Even if you see the people who report to you directly all the time in the hall or during casual drop-ins, it’s still important to devote some of your weekly schedule to one-on-one meetings with your team. Even just 15-30 minutes of dedicated check-in time per person lets your employees know you’re there to address concerns and check in on their progress.

3. Give productive feedback.

Giving feedback is important, but go out of your way to make sure you give great feedback. Don’t just tell someone they did a “great job,” tell them why what they did was so great. If you receive work that’s sub-par, speak up—don’t just hope things improve the next time. Constructive criticism along the way for the small stuff helps employees reach their professional goals. When your employees know you’re invested in them doing well, they’ll step up their game for every task.

4. Empower employees to reach for the stars.

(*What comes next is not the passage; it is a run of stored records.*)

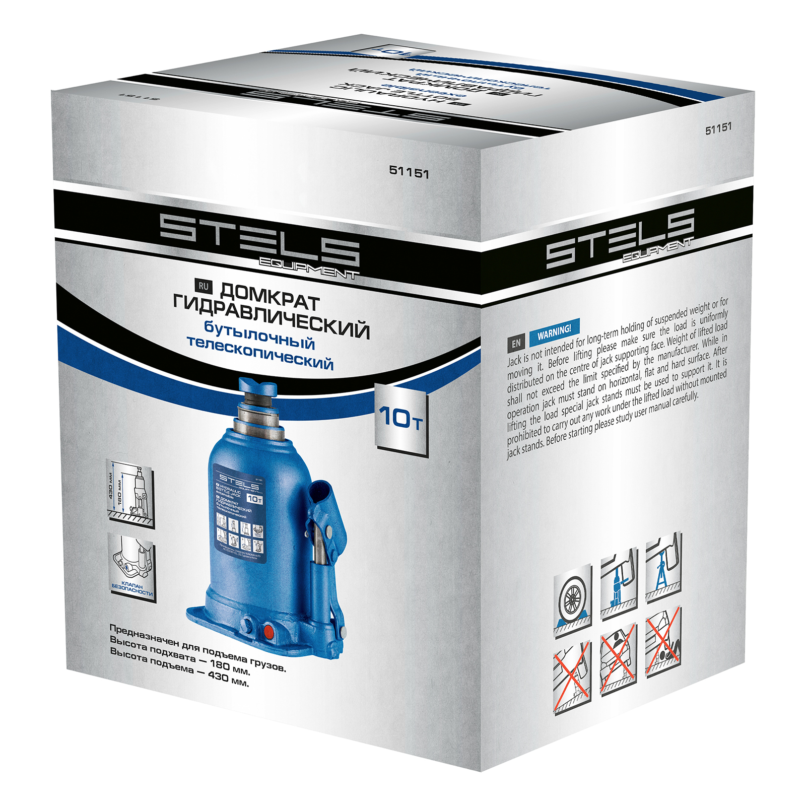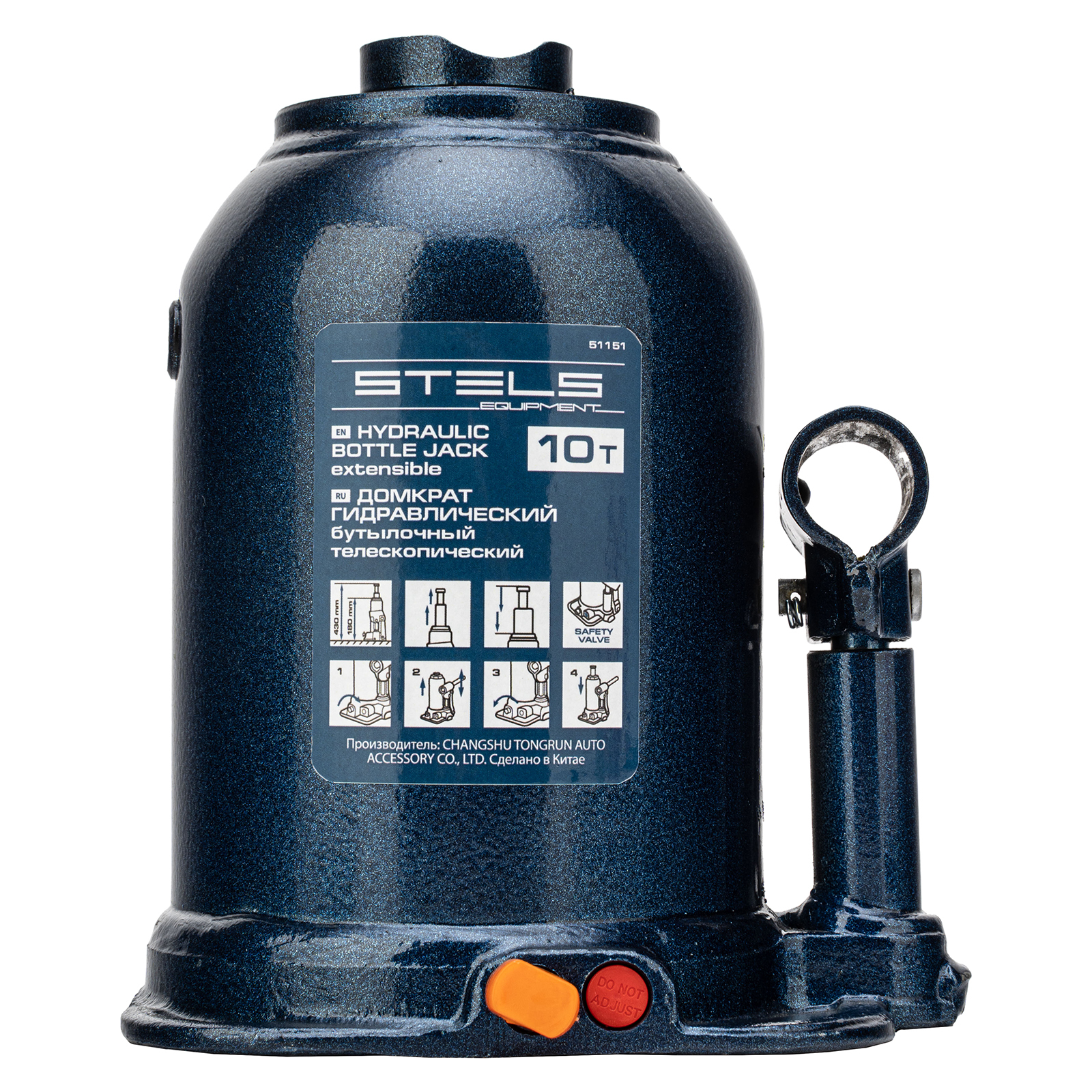 Домкрат гидравлический бутылочный Stels 51151, телескопический, используется для поднятия грузов весом до 10 т с на высоту 180-430 мм. Не требует больших усилий и оптимален для автомобилей с большим клиренсом. Домкрат можно использовать в гараже для самостоятельного ремонта машины или в автосервисе для решения профессиональных задач.
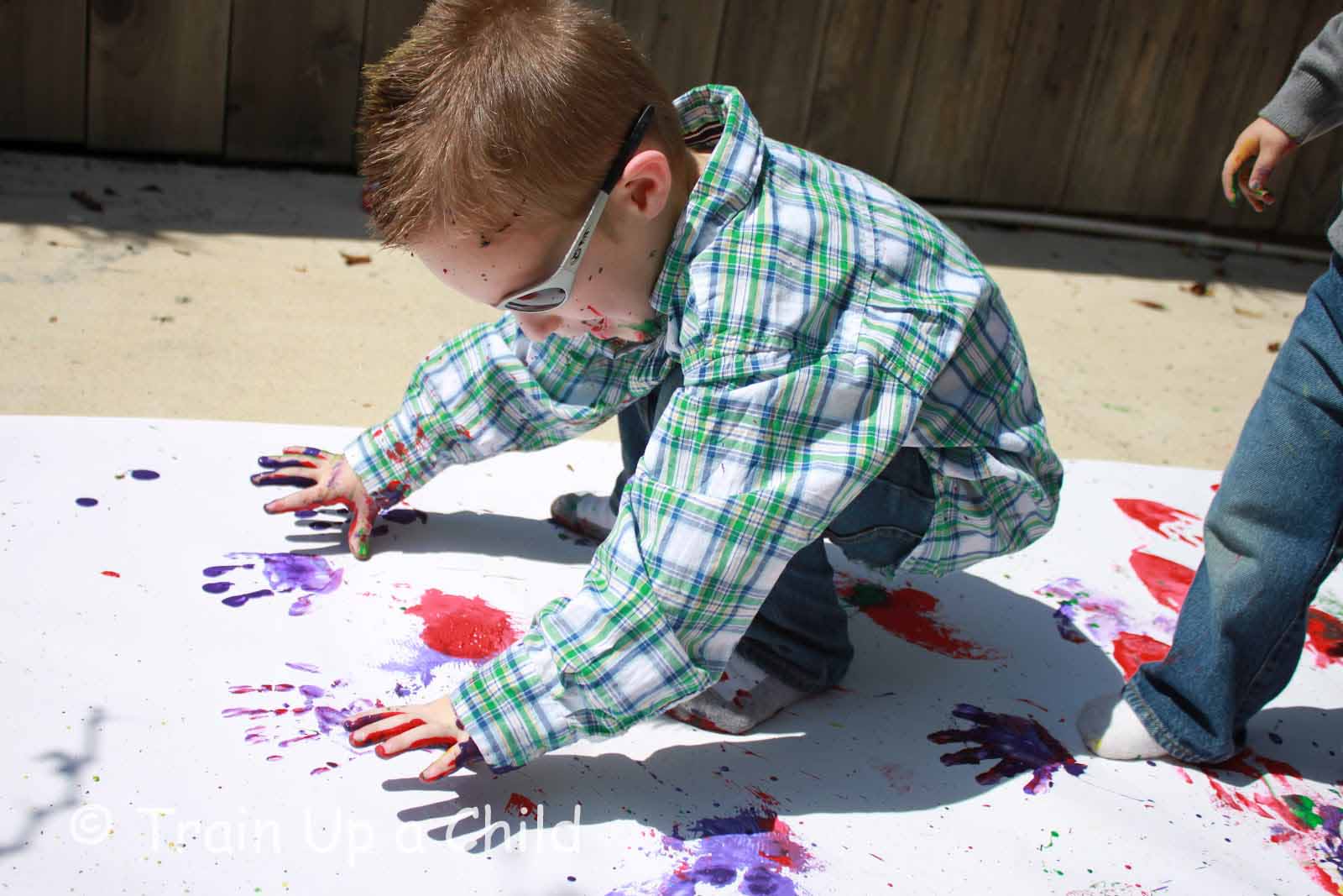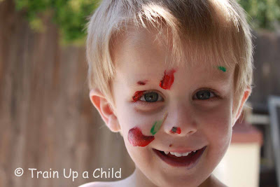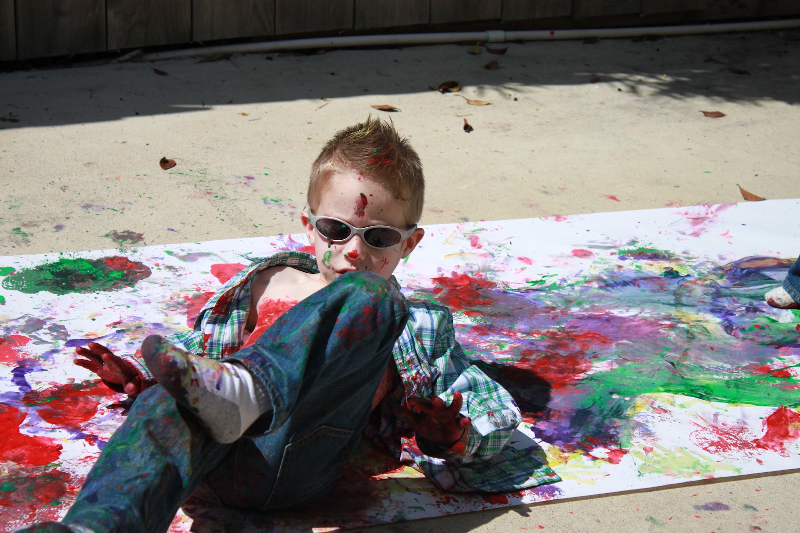 Okay, this wasn't exactly what I had in mind when I brought the paint outside for the boys:
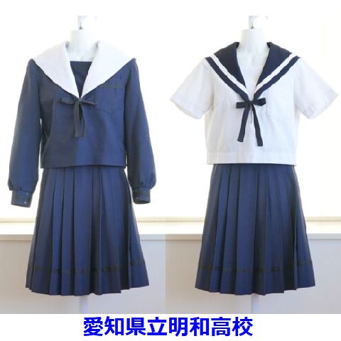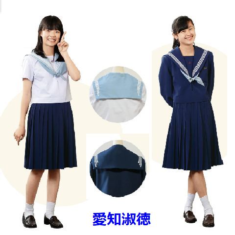 愛知淑徳学園:ちょっと変わった色今年からブレザーの標準服に変わり(男子は普通の学生服だった)、愛知県立第一高女からの伝統の制服を廃止した。 愛知淑徳は薄いブルーのちょっと変わった色のセーラーで目立つ、後ろの線が下部で切れているのが特徴。 |
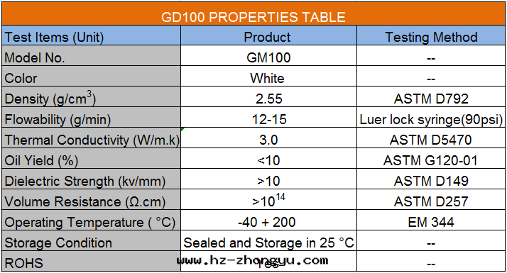 GD100 Thermal Paste is using organic silicone as the main raw material, add heat resistance andexcellent heat conduction performance materials as thermal conductive filler,made into thermal conductive filling gap paste. It is a pre cured colloid, don't need to prevent curing after assembly,save time, improve production efficiency .
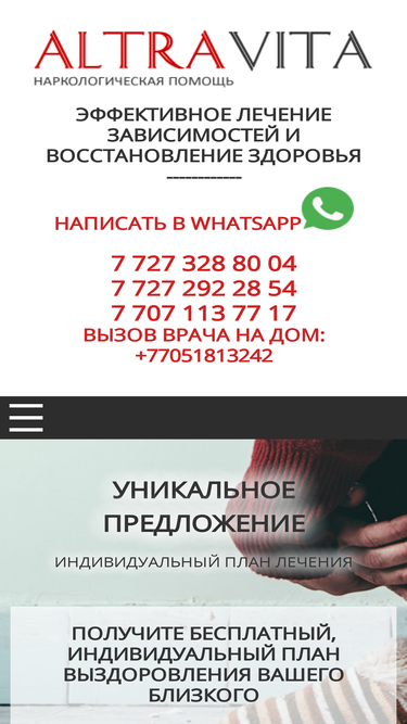 85%Лечение алкоголизма и наркомании. Наркологический диспансер ALTRA VITA в Алматы. Выведение из запоя. Обращайтесь к нам и мы обязательно Вам поможем.
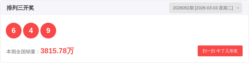 排列326052期开奖结果6 4 9,012路比2:1:0,大小比2:1,豹子/组三/组六为组六,质合比0:3。
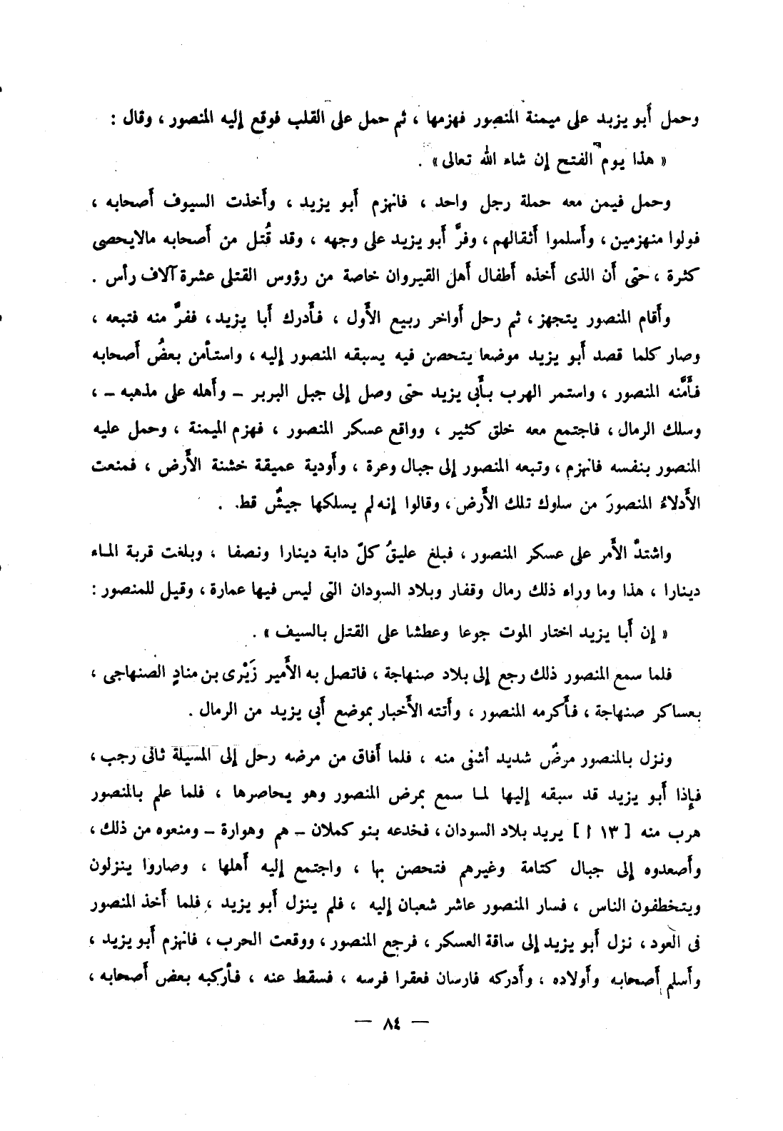 وحمل أبو يزيد على ميمنة المنصور فهزمها، ثم حمل على القلب فوقع إليه المنصور، وقال: هذا يوم الفتح إن شاء الله تعالى.
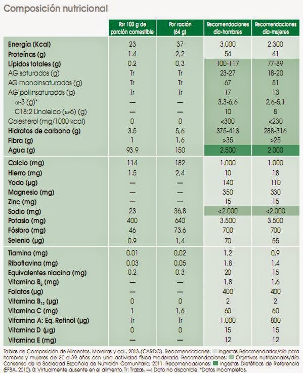 El contenido en proteínas y grasas es también bajo, aunque su contenido en agua es elevado (94%); de esto se desprende que sea una hortaliza de bajo valor calórico.
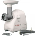 Реверс: есть • Производительность: 0.4 кг/мин • Насадки-решетки: Есть, 3 штуки • Насадки для шинковки: Есть, 4 штуки • Прочие насадки: для приготовления колбас, для формовки теста • Отделение для хранения насадок: есть • Лоток для подачи продуктов: есть, пластик • Цвет корпуса: белый • Материал корпуса: пластик • Максимальная мощность: 1500 Вт
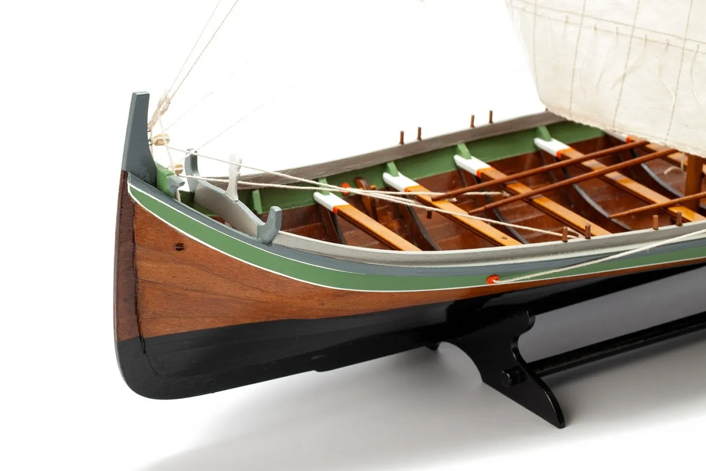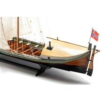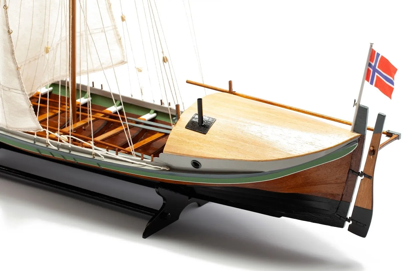 This type of boat, from Northern Norway, dates from the 17th Century. As a fishing boat it saw its most popular days from the 18th Century until the appearance of engine-driven fishing boats.These boats were extremely efficient and seaworthy. They represent a shipping culture and form which originates from the days of the Vikings. The boats are still built today, and they compete in races and regattas along the Northern coasts.
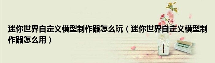 导读 大家好,今天小六子来为大家解答以下的问题,关于迷你世界自定义模型制作器怎么玩,迷你世界自定义模型制作器怎么用这个很多人还不知道,现
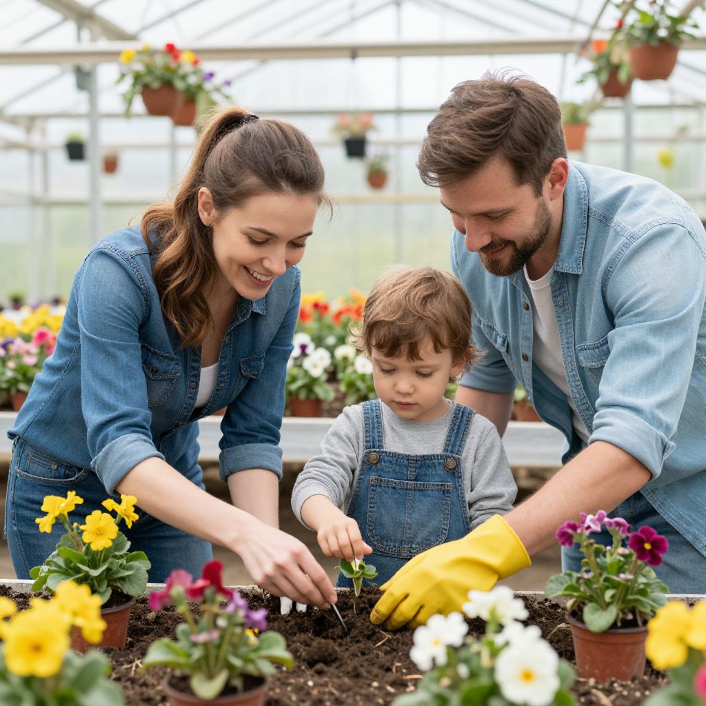 Photograph of a smiling Caucasian family planting colorful flowers in a greenhouse, father in blue shirt and yellow gloves, mother in denim shirt, and young boy
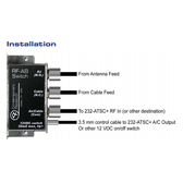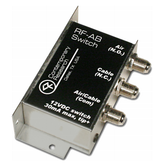 The Contemporary Research RF-AB RF Switch is a self-terminating remote controllable RF A/B switch. When used with the CR 232-ATSC+1 HDTV Tuner, the RF-AB will automatically switch between Air and Cable RF feeds. The included 3.5 mm cable connects the RF-AB to the A/C jack on the back of the tuner. As a general-purpose RF A/B switch, the RF-AB correctly handles RF signals by terminating the RF feed when it is switched off. In addition, the switch will default to the Cable input when there is no DC power.

Push your team to do stellar work (and letting them know you think they’re capable of it)—don’t let them settle for merely okay. Not only will this lead to results you and your team can flaunt, but it also will instill confidence that makes employees want to go above and beyond all the time. Expect top notch work, and people will adjust to meet your expectations.

5. Build trust.

Having a genuine relationship with your employees is a great thing. You definitely don’t have to be too casual and buddy-buddy—your style can remain strictly professional and still be built on trust. Create a rapport so people feel they can come to you with problems and mistakes—or great ideas! Don’t wall yourself off in some boss turret and forget to build relationships with the people you’re tasked to lead.

6. Stay humble.

Remember, even if you’ve climbed high up on the ladder you’re still paying your dues. You’re still learning too—about your industry and about the art of managing people. Don’t just sit back on your laurels. Figure out how your team can help you learn and build your career, and then help them in return.